Deaf man among those helped at job fair

TULALIP — Jacob Simmons, 30, boasts a significant amount of experience in the warehouse and manufacturing sectors, but job-hunting is complicated because he's deaf.

Jacob Simmons looks over a brochure with his dad Roger.

TULALIP — Jacob Simmons, 30, boasts a significant amount of experience in the warehouse and manufacturing sectors, but job-hunting is complicated because he’s deaf.

Simmons came from Langley to check out the Snohomish County Career Fair at the Tulalip Resort Casino April 12.

Accompanied by his father, Roger, as well as an interpreter, Simmons submitted his resume to employer booths including Pacific Seafood, where production supervisor Fermin Lopez touted his company’s warehouse, production, delivery and sales positions.

“Obviously, the need to communicate in sign language would present challenges, but if he’s a qualified candidate, we can figure it out,” Lopez said, after receiving an estimated 30 resumes in the fair’s first hour and a half. “Honestly, the most-important traits are a good attitude and a willingness to learn.”

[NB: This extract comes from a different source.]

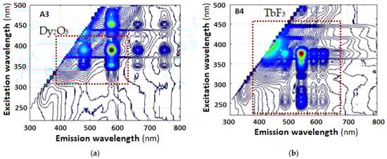 The standard procedure is to scan the excitation wavelength λ’ within a certain range and measure the luminescence spectrum for each excitation wavelength, which allows us plot 3D excitation–emission spectra, the topographic views of which are shown for sample A3 and B4 in Figure 2. It is well known that lanthanide ions have very low absorption coefficients (ε ≤ 1 M−1 cm−1) [15]. To increase light emission, the lanthanide ion can be doped into suitable matrices.
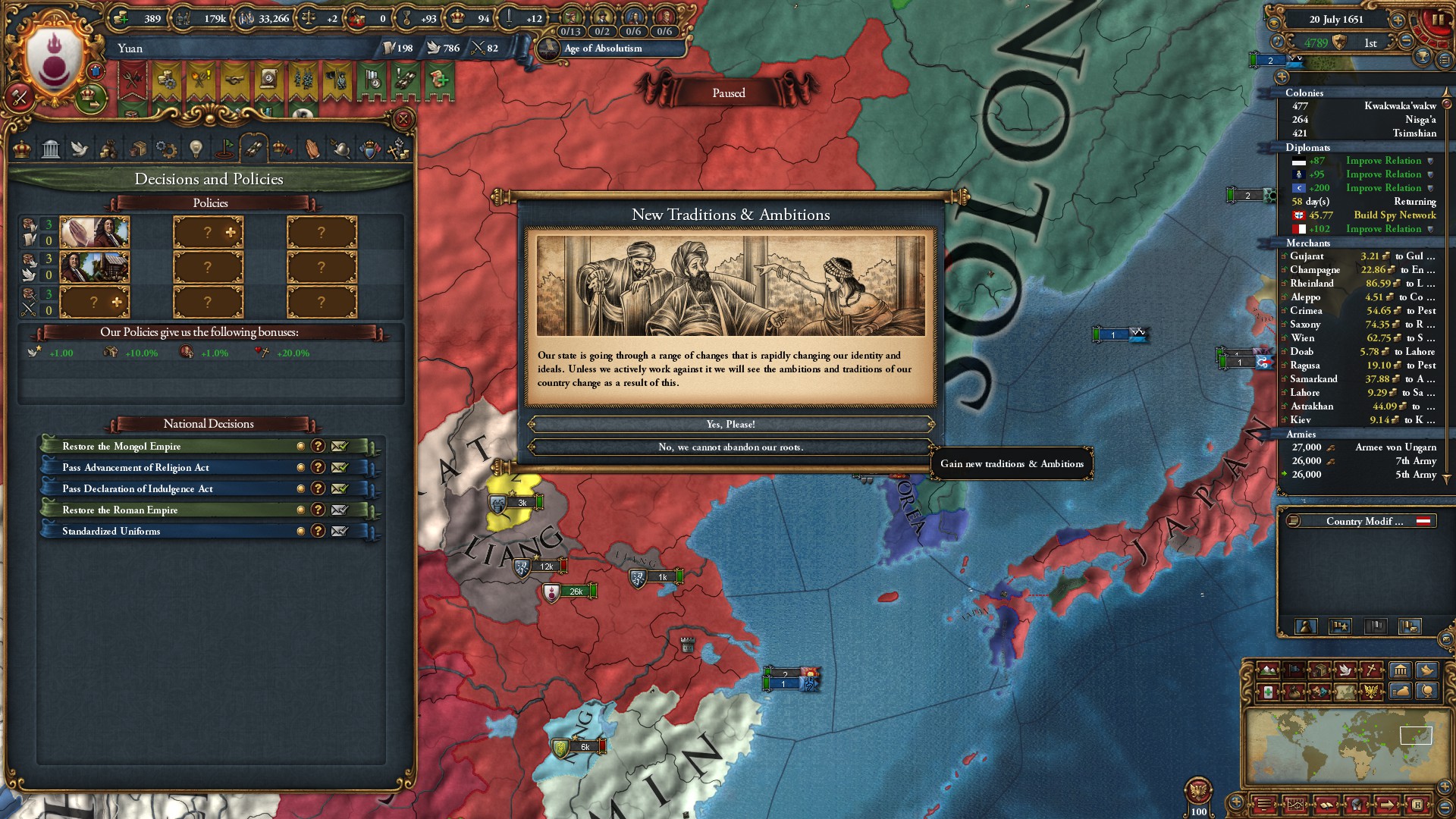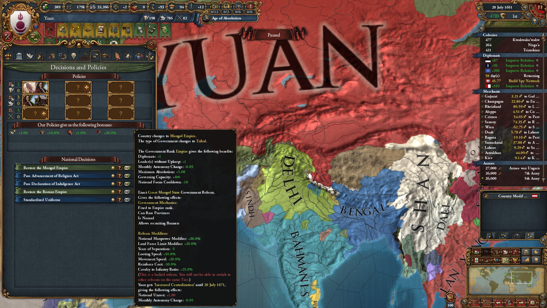| 支那-モンゴル政権 | Sino-Mongol Administration | 統治効率+5% |

Lopez noted that Pacific Seafood prefers to promote from within and is gearing up to expand from 25,000- to 80,000-square feet, so the company’s job opportunities will grow.

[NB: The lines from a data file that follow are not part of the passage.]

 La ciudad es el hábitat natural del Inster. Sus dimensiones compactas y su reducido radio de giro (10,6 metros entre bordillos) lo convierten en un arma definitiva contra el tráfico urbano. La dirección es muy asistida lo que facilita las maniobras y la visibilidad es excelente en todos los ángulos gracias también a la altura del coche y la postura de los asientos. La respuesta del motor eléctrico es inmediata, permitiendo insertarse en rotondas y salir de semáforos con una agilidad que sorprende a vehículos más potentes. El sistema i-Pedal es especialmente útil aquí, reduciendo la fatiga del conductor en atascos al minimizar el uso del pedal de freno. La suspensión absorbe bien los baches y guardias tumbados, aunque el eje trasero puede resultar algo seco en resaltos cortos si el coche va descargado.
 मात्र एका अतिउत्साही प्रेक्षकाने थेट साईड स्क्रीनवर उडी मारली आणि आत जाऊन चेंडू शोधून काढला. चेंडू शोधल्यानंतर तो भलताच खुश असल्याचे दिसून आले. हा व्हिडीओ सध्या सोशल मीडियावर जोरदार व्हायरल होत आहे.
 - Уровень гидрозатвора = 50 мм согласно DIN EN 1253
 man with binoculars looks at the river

Roger cited UPS as a previous job where Simmons did well.

“He needs a job where he can be shown what to do, then left on his own to do it,” Roger said. “The less communication is required, the better.”

Through his interpreter, Simmons emphasized that he’s willing to move to wherever the work might be.

“I wish there were more warehouse and welding positions at this fair, but I’ve made some pretty good connections so far,” he signed.

By contrast, Scott Shipley and Bernie Von Herbulis are both from Marysville and looking to explore midlife career changes.

Von Herbulis is a branch manager with Orkin who’s interested in a lateral move, or possibly even trading up.

“After twenty-five years, I’m as vested as it gets, but I’ve got time enough to do it all over again,” Von Herbulis said.

While Von Herbulis was also intrigued by Pacific Seafood, as well as Home Depot, he agreed with Shipley that schools and law enforcement were perhaps over-represented.

“I know police departments are fighting for hires, but with my size, I’d make too easy a target,” Von Herbulis said.

Shipley has school-age children and experience in the PTA, so he’s considering a position with one of the schools, possibly custodial.

Although the law enforcement booths included city police departments, the Snohomish County Sheriff’s Office and Washington State Patrol, the representatives of U.S. Customs and Border Protection stood out enough to attract attention.

Border patrol agent David Whipple was accompanied by customs first line supervisor Christian Danks in pitching the opportunities that their job field offers.

“We’ll take you with no college degree and teach you to shoot, drive, arrest and defend yourself like any law enforcement agency would,” Whipple told Kenzie Tiernan, whose fiancé is in the military. “Most of our positions are at the southern border, so you will need to relocate, but after a couple of years, you’re making six figures. You’re making a good living with good retirement benefits, and you can transfer to other duty stations when they’re open.”

Whipple pointed out that Tiernan’s fiancé could expect his years in the military to be counted toward his retirement in Border & Customs.

“We hire military all the time,” Whipple said.

Danks told Tiernan’s friends that if they’re looking for interior or international jobs, customs is for them, since they can be stationed at airports around the world.

“You can live anywhere from Singapore to Ireland,” Danks said. “And it’s not like the military, where you have to move every few years. You can choose your assignments, as long as they’re open.”